On the Politics of Consultation

*A critique of the government’s HE Green Paper consultation process by a Warwick for Free Education Activist. Please consider signing the petition attached beneath.*

The Green Paper consultation is a charade. This is not meant simply in the context of it being anathema to our principles as a group organizing towards free education – the Green Paper proposes nothing short of the complete marketization of the Higher Education sector which, for all their rhetoric around social mobility, will inevitably result in the further casualization of the University workforce, cuts to the already most underfunded and disadvantaged Universities and their replacement by private entities, the slashing of courses that are not amenable to the interests of employers and capital, rent and fee hikes, cuts to student support such as maintenance grants, Disabled Student’s Allowance and the student nursing bursaries, and the distortion of education from a common good into a commodity. ‘Social mobility’, whether we indeed believe this phrase a token substitute for the presence of genuine justice – more a re-arrangement of individuals within fixed social hierarchies rather than an abolition of the hierarchies themselves – it fails even on its own terms, serving as a smokescreen to conceal the upward redistribution of wealth operationalized by market mechanisms.

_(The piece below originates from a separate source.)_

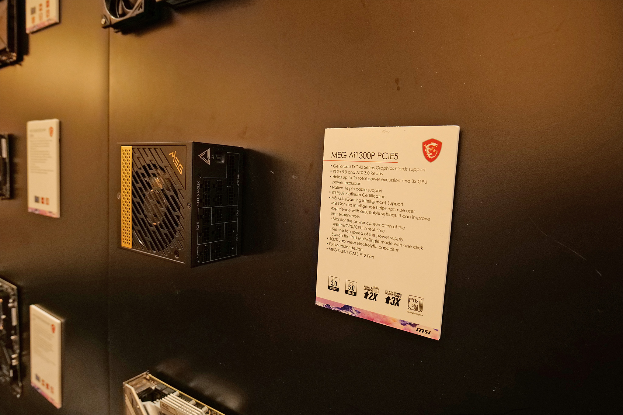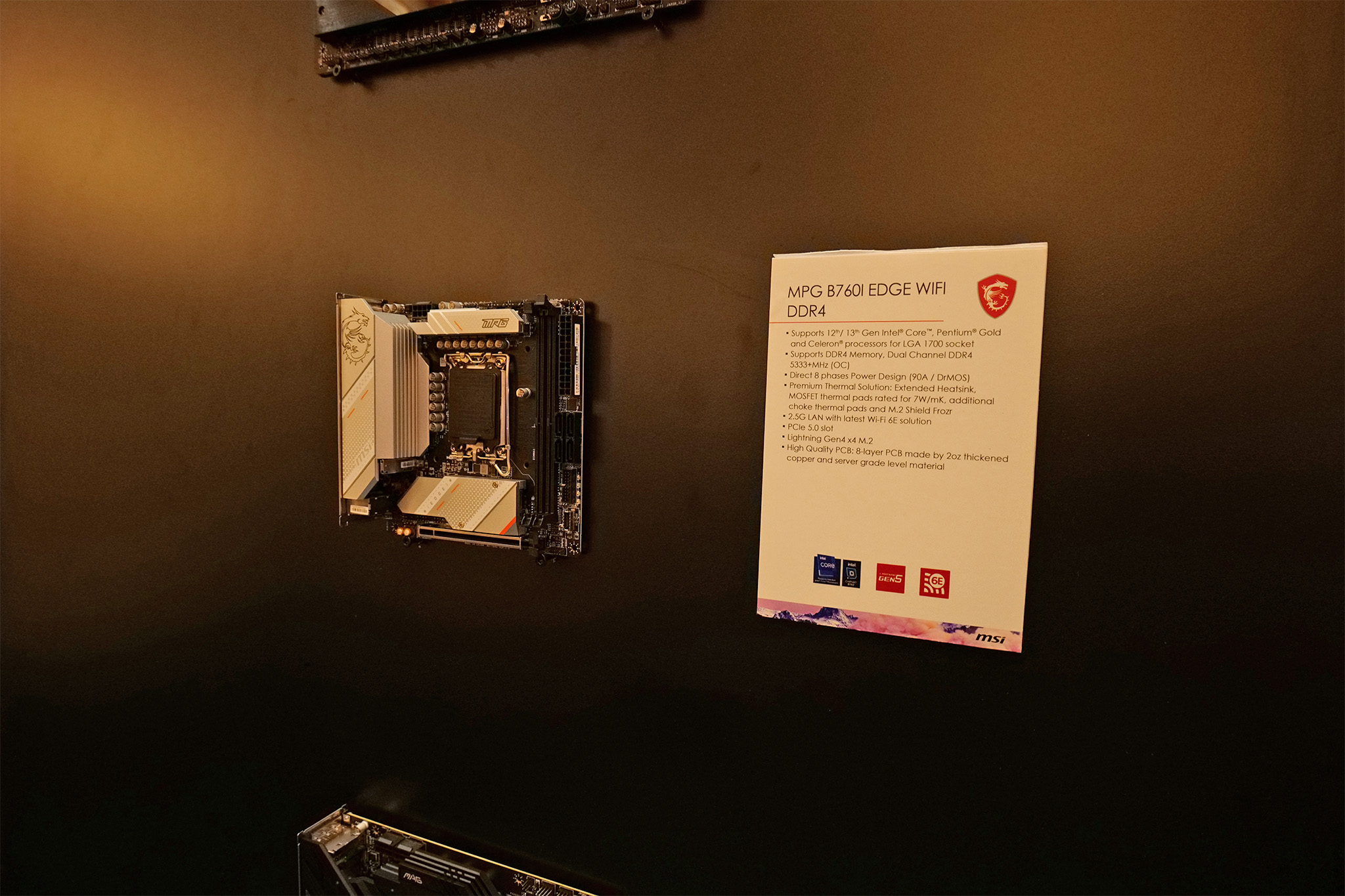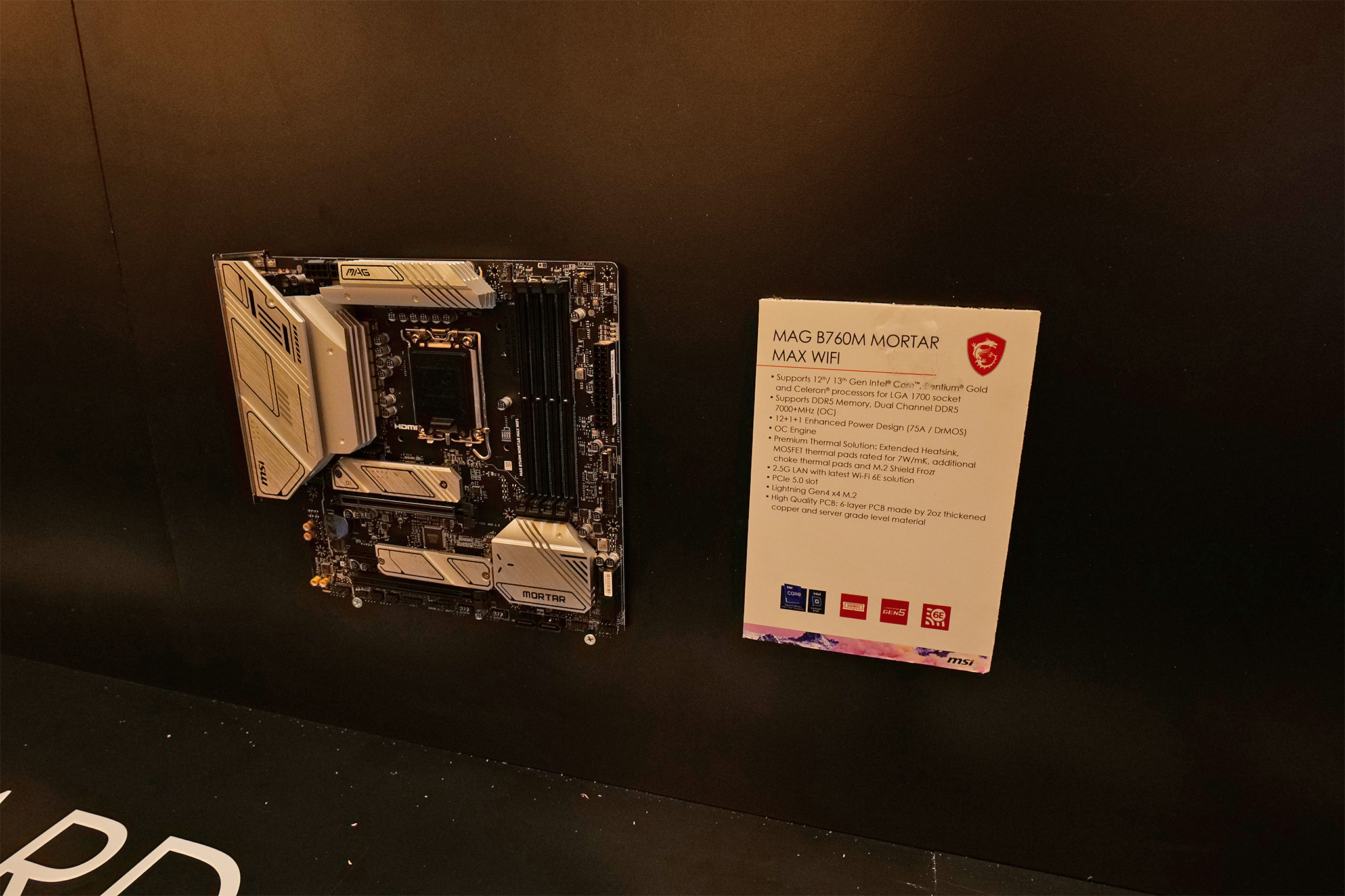 Rounding out the showcase, Leo took a look at some new B760 motherboards for Intel 13th Gen CPUs. MSI highlighted one Micro-ATX model, in the form of the Mortar Max WiFi, while the MAG B760 Tomahawk WiFi is a standard ATX board priced at $250. There was a mini-ITX board too, the MPG B760i Edge WiFi DDR4, with some large heatsinks on show. MSI was also demonstrating its variety of Silent Gale fans, alongside the MEG Ai1300P ATX 3.0/PCIe 5.0 power supply which we reviewed last year.

‘Teaching excellence’ seems, by extension, to mean the expansion of an increasingly insecure workforce which is bound into compliance by metric regulated performance management and mounting workloads – as if ‘excellence’ is indeed interchangeable with ‘exploitation’, where the maximum possible amount of labour is extracted at the minimum cost, within a climate of intense bureaucratic pressure and relentless target acquisition. ‘Student choice’ seems an equivalent of ‘consumer choice’, which is afforded an incongruous priority in the title given that this document was in its first instance formulated with no broad input from students themselves, and actively hinders the expression of our voices in the modelling of its consultation questions (not to mention the proposed mechanisms of restriction of Student Unions in the framework of the repressive Trade Union Bill, constraining the democratic will of the student body). It seems, then, ‘student choice’ is a façade intended to disguise the real interests guiding this document – those of bosses and corporations.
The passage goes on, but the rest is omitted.